(What you have to do)
When you reach the line that holds "For example, I’ve", start copying exactly and keep going through the final line of the data, leaving out pictures.
Provided data Block Start
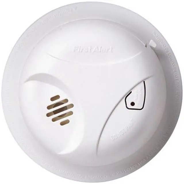First Alert Smoke Alarm With Hush - Battery powered smoke alarm with mute feature silences nuisance alarms from cooking smoke or shower steam. Single button also tests alarm functions. Easy access front loading battery door. No need to remove alarm from ceiling to change battery. Battery life varies according to use and application. Ideal for hallways, bedrooms and living areas. 10-year limited warranty. Meets UL (Underwriter's Laboratories) standards. - Type: Battery Operated, Voltage: 9V, Battery Life: Varies According To Application, Sensor Type: Ionization, Dimensions: 5.4 In. W. 1.9 In. H. x 5.4 In. L., Battery Back-up: Battery Only, Alarm Type: Smoke, Decibel Level: 85dB, Battery Type: 9V Battery, Batteries Included: Yes, Color: White, UL Listed: Yes, Warranty: 10-Year Limited, Pkg Qty: 1, Package Type: Clamshell This item is banned in the following states: CA,MA,MD,NY,OR,VT
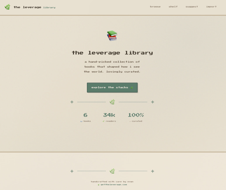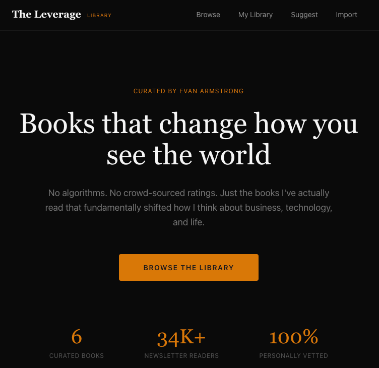 For example, I’ve been vibe coding a new project over the last few weeks. I’ve long thought that Goodreads is a terrible product that makes people entirely miss the point of reading. So, I’ve been experimenting in building something I call “The Leverage Library.” This would be a curated Goodreads experience, just for readers of this publication, where every book you see is hand-picked by our community.
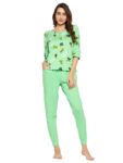 Clovia Women’s Cotton Cactus Print Top & Chic Basic Pyjama Set In Green
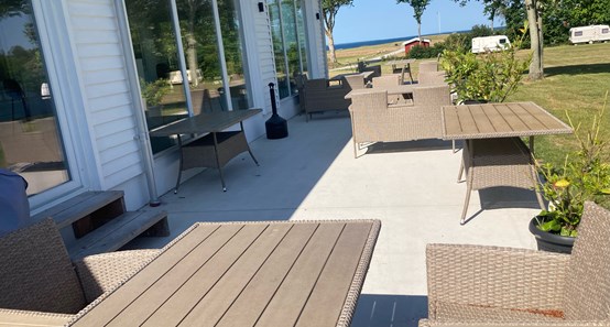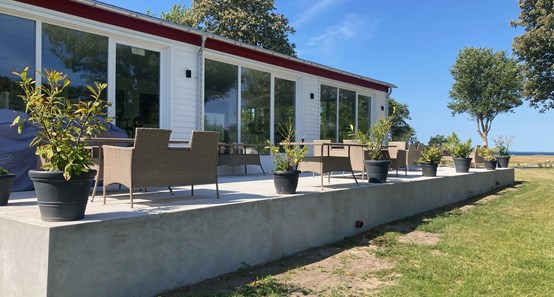Det ligger midt på pladsen med skøn udsigt, og der er plads til 100 siddende gæster.
Provided data Block End
(Exercise output)
 For example, I’ve been vibe coding a new project over the last few weeks. I’ve long thought that Goodreads is a terrible product that makes people entirely miss the point of reading. So, I’ve been experimenting in building something I call “The Leverage Library.” This would be a curated Goodreads experience, just for readers of this publication, where every book you see is hand-picked by our community.
 Clovia Women’s Cotton Cactus Print Top & Chic Basic Pyjama Set In Green
Det ligger midt på pladsen med skøn udsigt, og der er plads til 100 siddende gæster.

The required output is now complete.